§ **What to do**
Transcribe the entries below exactly, starting with the line that has "依必安派特由Gerhard Sturm先" and stopping after the line that has "Metallic leather upper."; no pictures belong in the copy.

§ **Extracted data**
_____

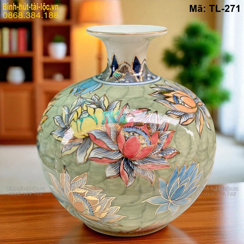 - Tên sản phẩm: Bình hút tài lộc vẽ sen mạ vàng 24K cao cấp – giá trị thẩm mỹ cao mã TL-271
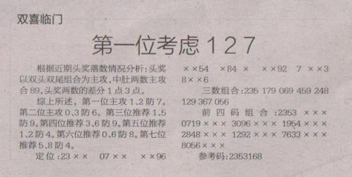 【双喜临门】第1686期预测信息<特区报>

_____

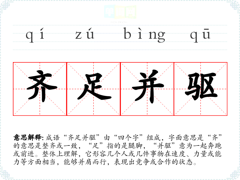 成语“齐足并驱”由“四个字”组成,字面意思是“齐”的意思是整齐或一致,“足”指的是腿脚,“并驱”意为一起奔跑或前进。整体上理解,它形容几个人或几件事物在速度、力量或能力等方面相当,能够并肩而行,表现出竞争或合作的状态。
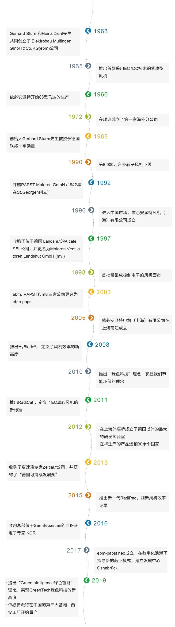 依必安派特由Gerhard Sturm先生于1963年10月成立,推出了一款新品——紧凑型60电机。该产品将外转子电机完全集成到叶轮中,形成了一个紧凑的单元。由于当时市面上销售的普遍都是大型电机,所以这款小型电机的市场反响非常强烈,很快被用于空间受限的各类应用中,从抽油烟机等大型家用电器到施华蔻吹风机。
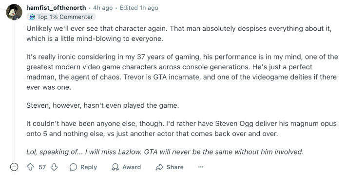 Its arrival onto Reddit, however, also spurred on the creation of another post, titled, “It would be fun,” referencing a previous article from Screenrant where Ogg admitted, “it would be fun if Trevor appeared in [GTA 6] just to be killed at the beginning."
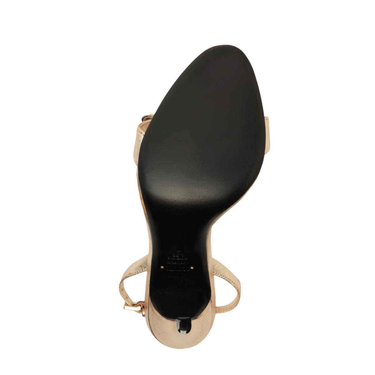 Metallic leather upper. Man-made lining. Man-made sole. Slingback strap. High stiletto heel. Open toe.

_____

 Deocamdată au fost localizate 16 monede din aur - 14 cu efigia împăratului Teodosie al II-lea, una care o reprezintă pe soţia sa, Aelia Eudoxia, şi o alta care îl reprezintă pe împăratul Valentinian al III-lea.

_____

§ **Response area**
 依必安派特由Gerhard Sturm先生于1963年10月成立,推出了一款新品——紧凑型60电机。该产品将外转子电机完全集成到叶轮中,形成了一个紧凑的单元。由于当时市面上销售的普遍都是大型电机,所以这款小型电机的市场反响非常强烈,很快被用于空间受限的各类应用中,从抽油烟机等大型家用电器到施华蔻吹风机。
 Its arrival onto Reddit, however, also spurred on the creation of another post, titled, “It would be fun,” referencing a previous article from Screenrant where Ogg admitted, “it would be fun if Trevor appeared in [GTA 6] just to be killed at the beginning."
 Metallic leather upper. Man-made lining. Man-made sole. Slingback strap. High stiletto heel. Open toe.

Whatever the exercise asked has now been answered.